Background and Approach 

Secrets in public repositories are an established attack vector. Uber (2016), Scotiabank (2019), Mercedes-Benz (2024), and the most recent XAI secret leak incident are just a few of the notable instances. In fact, stolen / leaked secrets are a major attack vector in many widely known supply-chain attacks (i.e. codecov incident). GitHub, being the most popular code hosting platform (our State of Code Security Report puts the share of repositories hosted on GitHub at 81%), naturally gets the most interest from malicious actors and security researchers alike.  

Wiz Code includes a secrets scanner, offering customers protection.
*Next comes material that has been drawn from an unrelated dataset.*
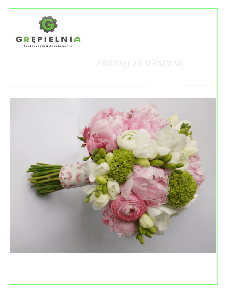 PRZYJĘCIA WESELNE DZIEŃ ŚLUBU Zapraszamy Państwa do Grępielnia Restauracja & Apartamenty. Grępielnia położona jest w centrum Bielska Białej, w miejscu dawnego kompleksu fabryczno – willowego. Miejsce to łączy historię z nowoczesnością. To miejsce idealne dla osób, które w tym wyjątkowym dniu oczekują czegoś więcej niż tylko smacznego jedzenia. Ten szczególny dzień, powinien pozostać w pamięci na całe życie. Na wiele sposobów pomagamy sprawić, aby tak właśnie się stało. Współpracujemy z grupą najlepszych specjalistów w Bielsku Białej i nie tylko, którzy pomagają spełnić, każde życzenie. W śród naszych partnerów znajdują się m.in. jubiler, cukiernie, floryści, fotograf oraz wielu innych znawców branży ślubnej. Wiemy jak ważna na każdym weselu jest oprawa muzyczna. Dlatego współpracujemy z najlepszymi zespołami oraz DJ-ami. Dysponujemy bazą noclegową o oryginalnym i nowoczesnym wystroju, kameralną restauracja, eleganckim lounge barem oraz przestronną i elegancką salą balową. Nasza kadra to przede wszystkim ludzie młodzi, z pasją i zamiłowaniem do organizowania przyjęć okolicznościowych. Każdą parę traktujemy indywidualnie, a co za tym idzie: dostosujemy menu do budżetu i preferencji gości, zorganizujemy nawet najbardziej wymyślne atrakcje. Możemy wzbogacić przyjęcie dodatkowymi atrakcjami: pokaz barmański, pokaz tańca, loty widokowe, sesje zdjęciowe w zabytkowym Fordzie A. SALA BALOWA Do dyspozycji naszych Gości oddajemy salę weselną, w elegancki i niepowtarzalnym klimacie. Możemy ugościć w niej około 120 osób. Z uwagi na wielkość sali, istnieje możliwość podziału Sali, mobilną ścianą. Sala posiada wydzielony parkiet do tańczenia. Wyposażona jest w oddzielną bazę gastronomiczną, co gwarantuje wysoką jakość serwowanych potraw. Sala w pełni klimatyzowana, z niezbędnym zapleczem technicznym. Gwarantujemy najwyższą jakość świadczonych usług. Oferujemy: Dekorację stołów weselnych Apartament dla Nowożeńców Możliwość wynajęcia zabytkowego samochodu marki Ford A Fachową pomoc na każdym etapie realizacji przyjęcia weselnego Propozycja I Staropolskim obyczajem - przywitanie Pary Młodej chlebem i solą Toast winem musującym Zupa: Domowy rosół z makaronem, dodatkami i świeżą natką zielonej pietruszki (podawany w wazach) Danie główne (wieloporcjowo): Rolada wieprzowa z farszem z ogórka kiszonego, boczku i cebuli 100% Pieczeń szpikowana boczkiem i czosnkiem 50% Panierowane koperty drobiowe z pieczarkami, porem i serem górskim 50% Dodatki: Ziemniaki z wody z koperkiem Kluski śląskie (jasne 100%) Sos pieczeniowy Czerwona kapusta (serwowana na zimno) Surówka z białej kapusty z koperkiem i zielonym ogórkiem Surówka z marchwi z jabłkiem Deser: Lody ze świeżymi owocami i bitą śmietaną Kawa, herbata – wg życzenia Zimna płyta: Półmisek wykwintnych mięs pieczonych na zimno (schab w kolorowym pieprzu i ziołach, rolada drobiowa z brokułami, galantyna drobiowa) Półmisek serów twardych i pleśniowych dekorowana orzechami i winogronami z konfiturą żurawinową) Śledź po polsku w śmietanie z jabłkiem i cebulą 50% Śledź w oleju z ogórkiem, czerwoną cebulą i papryką 50% Tymbaliki drobiowe Sałatka wiejska z grillowanym kurczakiem na bazie sałaty lodowej z sosem musztardowo – miodowym Sałatka brokułowa z pomidorem, świeżym ogórkiem i sosem jogurtowym Pieczywo mieszane, masło I kolacja: Udziec wieprzowy podany z ziemniakami w łupinach i kapustą zasmażaną z boczkiem i grzybami leśnymi i dipem chrzanowym (w uroczysty sposób serwowane na środku Sali) II kolacja: Tradycyjny barszcz czerwony z krokietem z farszem mięsnym Koszt: od 149,00 zł brutto/ os Propozycja II Staropolskim obyczajem - przywitanie Pary Młodej chlebem i solą Toast winem musującym Zupa: Minestrone – włoska zupa wielowarzywna z oliwą z suszonych pomidorów (podawany w wazach) Danie główne (wieloporcjowo): Rolada śląska 50% Gordon Bleu – panierowany schab z serem i szynką 50% Rolada z indyka z suszonym pomidorem i serem mozarella owinięta szynką włoską 50% Dramstiki nadziewane pieczarkami 50% Ziemniaki z wody z koperkiem Kluski śląskie (jasne 100%) Ziemniaki opiekane Sos pieczeniowy Sos grzybowy Czerwona kapusta (serwowana na zimno) Surówka Colesław Buraczki glazurowane w miodzie z musztardą francuską Deser: Lody waniliowe na sosie z gorących wiśni z bitą śmietaną Zimna płyta: Półmisek wykwintnych mięs pieczonych na zimno (schab w kolorowym pieprzu i ziołach, rolada drobiowa z brokułami, galantyna drobiowa, karczek szpikowany grzybami) 50% Wyroby swojskie – szynka wiejska, baleron, boczek rolowany, salceson jasny i ciemny, kabanosy, kiełbasa swojska 5 0% Półmisek serów szlachetnych i pleśniowych dekorowana orzechami i winogronami z konfiturą żurawinową) Śledź po polsku w śmietanie z jabłkiem i cebulą Roladki z łososia z wytrawnym musem cytrynowym z dodatkiem kawioru Tymbaliki drobiowe 50% Galaretka wieprzowa z marchewką, jajkiem i groszkiem 50% Sałatka caprese ze świeżą bazylią – pomidory przekładane serem mozarella Sałatka a’lla grecka z sałatą lodową, pomidorem, papryką, czerwoną cebulą i serem feta Sałkatka brokułowa z pomidorem, świeżym ogórkiem i sosem jogurtowym Pieczywo mieszane, masło I kolacja: Fileciki z indyka w sosie paprykowym z ziemniakami opiekanymi i wiosenną sałatka z vinegrette II kolacja: Bogracz z kluseczkami i pieczywem III kolacja: Staropolski żur z białą kiełbasą i ziemniakami Koszt: od 169,00 zł brutto/ os Propozycja III Staropolskim obyczajem - przywitanie Pary Młodej chlebem i solą Toast winem musującym Przystawka: Półgęsek – wędzone plastry piersi z gęsi podane na sałatce z rukoli z filetowanymi grejfrutami w sosie balsamiczno - miodowym z grzanką Danie główne (wieloporcjowo): Cielęcina z szynką parmeńską i szałwią 50% Pieczona polędwiczk
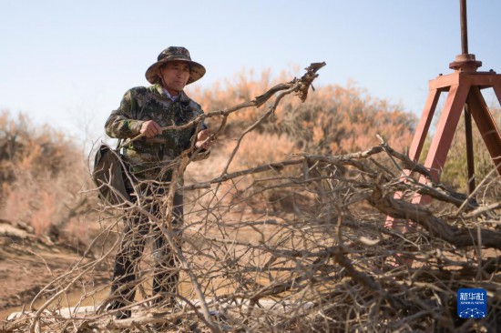 10月11日,護(hù)林員魏存廣在額濟(jì)納旗七道橋胡楊林區(qū)巡護(hù)。新華社記者 李志鵬 攝

Wiz Research supports the product through ongoing investigations of public repositories and emergent patterns in secrets leakage. Unlike the State of Code Security Report, this time we focused on public environments, casting the a wide net. Unlike some secrets research, we are specifically interested in validated secrets. This automatically filters out the false positives and testing patterns and as such yields a higher-quality signals. 

In short, we scanned thousands of repositories and found hundreds of validated secrets, many of those are still active. Our focus in this blog is on the high-level trends causing these exposures. While we won’t share the full methodology of choosing the scanning targets, suffice to say focusing on development activity showed significant improvements over the naive focus on repository popularity used in most research on secrets.  

Overall Trends 

In terms of secret occurrence, we found wide differences among the secret types: 

Three of the top five, and half of the top ten most common validated secrets in some way tied to AI. This result is notable because we did not purposefully target AI-related repositories. Yet, AI secrets constitute such a large proportion identified exposed secrets. This discovery motivated us to dive deeper into research on AI-related secrets leakage.  

Additionally, we wanted to understand the secret locality parameters to answer the following question: What file types include the most secrets? (and thus, deserve special attention by scanners and security policies). Turns out, one file type stands out in particular – notebook ipynb files: 

 

Secrets in notebooks is not a new finding, there were couple good publications on that since 2020 (for example here), yet this topic did not get wide exposure. It’s unfortunate, because supremacy of notebooks as a source of leaked secrets comparing to other file types is remarkable. 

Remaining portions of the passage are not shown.